The San Benito Health District Board meeting on June 22 The meeting was a chaotic confrontation involving members of the public, board members and nurses from Hazel Hawkins Hospital. Nine community members, along with nurses and doctors, were often applauded by others in the room as they questioned the board’s ability to govern and denounced conflicts of interest and lack of transparency in the hiring of the interim chief executive officer of the Mary Casillas hospital and contractors.
The harshest rhetoric occurred after Hazel Hawkins’ CFO Mark Robinson reported on the recommendation to renew a contract with Sun Life Stop-Loss Coverage for one year at an annual premium of $1.8 million. Robinson explained that the hospital was self-insured and the policy would provide medical coverage for employees who become critically ill.
It was at this time that director Richard Shelton recused himself and left the room because his company, Shelton Insurance, is the broker for the contract with Sun Life. What at first appeared to be a normal procedural move quickly heated up.

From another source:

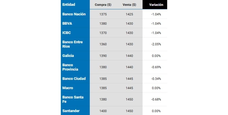 El dólar “blue” se ofrecerá $ 1.380 y $ 1.430 para ambas cotizaciones. En tanto, el dólar mayorista lo hará a $ 1.395 y $ 1.405 para ambas puntas.

Resident Elia Salinas paraphrased a description in the California Code of Regulations, Title 2, subsection 87, on nepotism as any individual who sits on a board who gains financially is illegal.
Any board member who chooses to vote and approve it [another] Board members’ financial gains are also subject to lawsuits, he said. That’s exactly what I just heard. Shelton has a conflict with this. As [is] also allowed by the lawyer [Heidi Quinn] also submit a bid for it?
After stating that the board had to start over, he said: And mind you, go ahead and approve it, I dare you, because I will follow you.
Resident Rob Bernosky said he was shocked and urged two directors to tell Quinn to explain why it’s legal for you guys to enter into a deal that directly benefits a director.
If you don’t, I will write a letter to the state attorney general and ask him to explain it, he said.
Registered Nurse Diane Beck, a representative of the California Nurses Association, agreed that Shelton being part of their insurance was a conflict of interest.
We have to object because he’s on our board and he’s going to benefit, and you guys want to take money away from our benefits, he said. You are all benefiting from this staff who work every day caring for our community and you are telling me right now that they will benefit from us. This is ridiculous.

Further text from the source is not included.